Contributed by Beth Collinge of CTG – a division of ILX Group plc.
Stocks were down at the end of last week. JPMorgan was fined for its failure to keep client money in separate accounts. The US Congress is set to impose conflict of interest rules on banks and push ahead with reform of the New York Federal Reserve.
Economic Backdrop
- Stock markets closed down on Friday, hit by a combination of weaker than expected American jobs data, European debt default fears, rumours of large derivatives-related losses at a French bank and concerns that Hungary’s economy may be in a perilous condition.
- The euro was down 2.5 per cent on the week against the dollar to a fresh four-year low, and was also off versus the pound after a spokesman for the Hungarian prime minister said that Hungary’s economy was in a “very grave situation” due to the last government manipulating official data, and that talk of a default was “not an exaggeration”.
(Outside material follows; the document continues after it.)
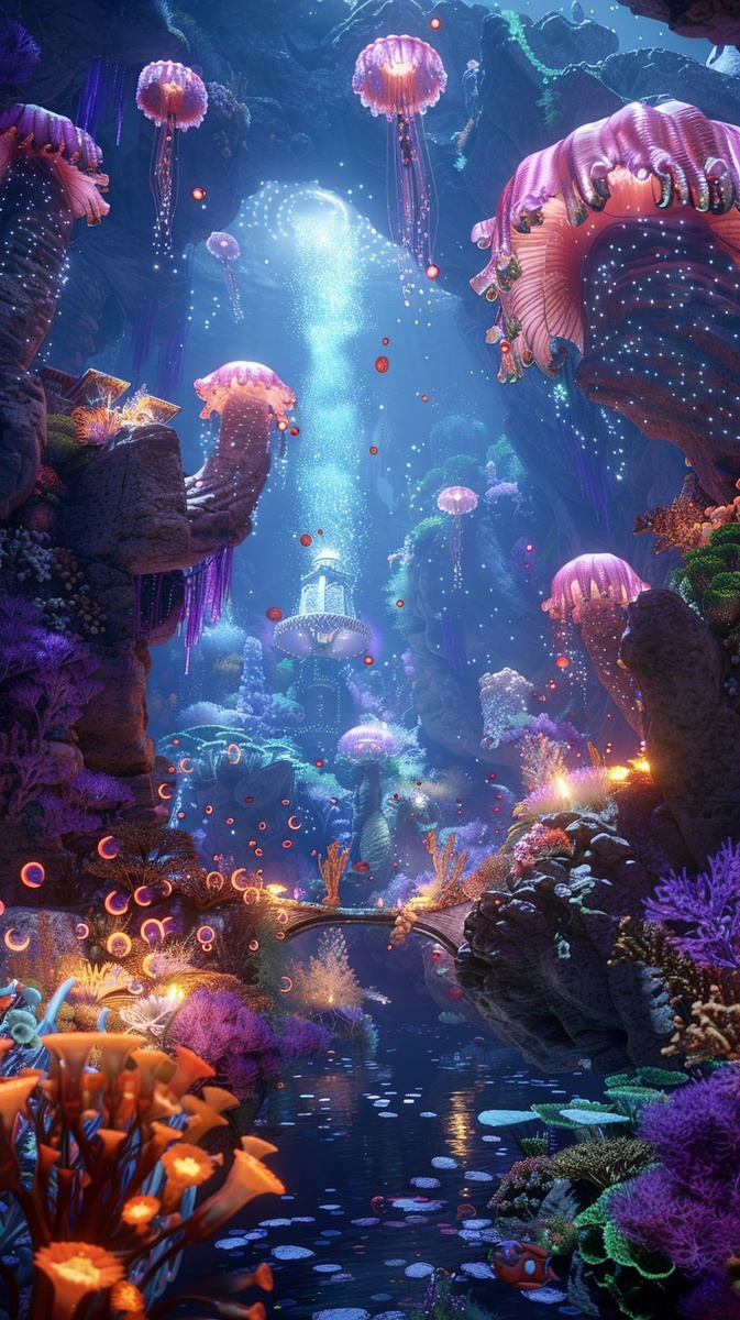 Создано на основе запроса: an ancient underwater temple surrounded by glowing coral and swimming jellyfish, light filtering from the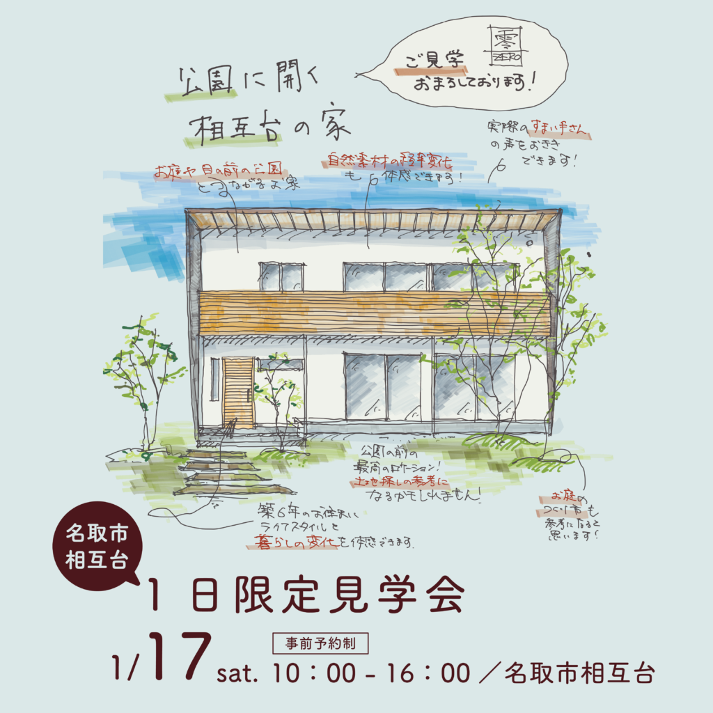 「公園に開く相互台の家」見学会 1.17(sat) 見学会 受付中 #ピックアップ #名取市相互台 #暮らしの見学会 いますぐ予約する 1.17(sat) 1時間 / 回 10:00 - 11:00 - 13:00 - 14:00 - 15:00 - このイベントを予約する 今回見学会を開催させていただくのは、名取市相互台に建つお住まい。 外に対して心地よく視線が抜け、すぐ目の前にある公園のロケーションを借景とし、暮らしに取り入れています。 季節によっては、公園の木々が紅葉に染まっていく様を、特等席のウッドデッキで存分に楽しむことができるお住まいです。 お住まいになられてから年数が経っているため、自然素材の住まいの変化を実際に体感することができます。 また、すまい手さんから実際にお話を聞くこともできます。 自然素材の家を検討している方には、ぜひご覧いただきたい見学会です。この機会に、ぜひお越しください。 すまい手さんのご見学も大歓迎!この機会に、ぜひお越しください。 すまい手さん宅訪問見学会参加者様の声 設計・現場管理・担当大工:建築工房零 ご案内スタッフ:アドバイザー(坂上恭平/児玉元起/宮崎千遥/武田莉佳) イベント詳細 開催日時 01/17(土)10:00、11:00、13:00、14:00、15:00 住所 宮城県名取市相互台 備考 ・開催場所は、ご予約いただいた方へ直接ご連絡いたします。 ・完成見学会同様、託児などの対応はございません。 お子様といらっしゃる場合は、手をつなぐ、抱っこをするなどのご対応をお願いいたします。 ・オンラインでもご案内しております。是非お気軽にご相談ください。 ・零の家づくり検討中の方を優先してご案内いたします。予めご了承ください。 イベント来場予約 ご参加をご希望の際は、下記に必要事項を入力し、「確認画面に進む」ボタンを押してください。 事前にご予約をいただきますと、お客様のご要望に沿った最適な準備ができ、より多くのご提案が可能です。 お急ぎの場合はお手数ですが、お電話でご予約ください。 参加イベント名 「公園に開く相互台の家」見学会 ご希望日 来場希望日を選択してください。 お名前 ふりがな ご住所 郵便番号 都道府県 選択してください北海道青森県岩手県宮城県秋田県山形県福島県茨城県栃木県群馬県埼玉県千葉県東京都神奈川県新潟県富山県石川県福井県山梨県長野県岐阜県静岡県愛知県三重県滋賀県京都府大阪府兵庫県奈良県和歌山県鳥取県島根県岡山県広島県山口県徳島県香川県愛媛県高知県福岡県佐賀県長崎県熊本県大分県宮崎県鹿児島県沖縄県 市区町村番地 建物など 電話番号 メールアドレス 人 数 大人 123456789 11歳以下 0123456789 6歳以下 0123456789 3歳以下 0123456789 ご質問など Japan 当社の個人情報保護方針について、ご同意の上、確認画面へお進みください。 個人情報の取扱いに同意する ご予約は、お電話、予約フォームで承っております。 家づくりの参考になる「リアルな情報」が満載です! 下記のお電話、予約フォームよりお気軽にお申込みください。 tel. 022-725-2261 9:00~17:00(土日祝日も受付) 定休日 : 毎週水日 その他のイベント ZEROBACO・AOBACO 新春プレミアム見学会 in 泉区薬師堂 1.10(sat)-12(mon) 見学会 受付中 #アオバクラフト #ピックアップ #規格型住宅 平屋、はじめました。 ZEROBACO・AOBACO × 平屋相談会 1.17(sat)-25(sun) 相談会 受付中 #アオバクラフト #ピックアップ #規格型住宅 ゼロノワ不動産セミナー ~空き家編~ 1.25(sun) 相談会 受付中 #セミナー #ピックアップ #不動産 #仙台駅前 BACK ALL

- On government bond markets, investors were buyers of high-quality assets such as US Treasuries, sending yields sharply lower. The yield on the 10-year note fell to 3.26 per cent, over the week.
- UK sovereign issues were also bought, and the yield on the 10-year gilt was also down 6bp on the week.
On commodity markets, Gold rebounded from its mid-week low, with August futures rising 0.6 percent to $1,217.70 an ounce, on demand for an alternative to the slumping euro, though the spot price was still down on the week.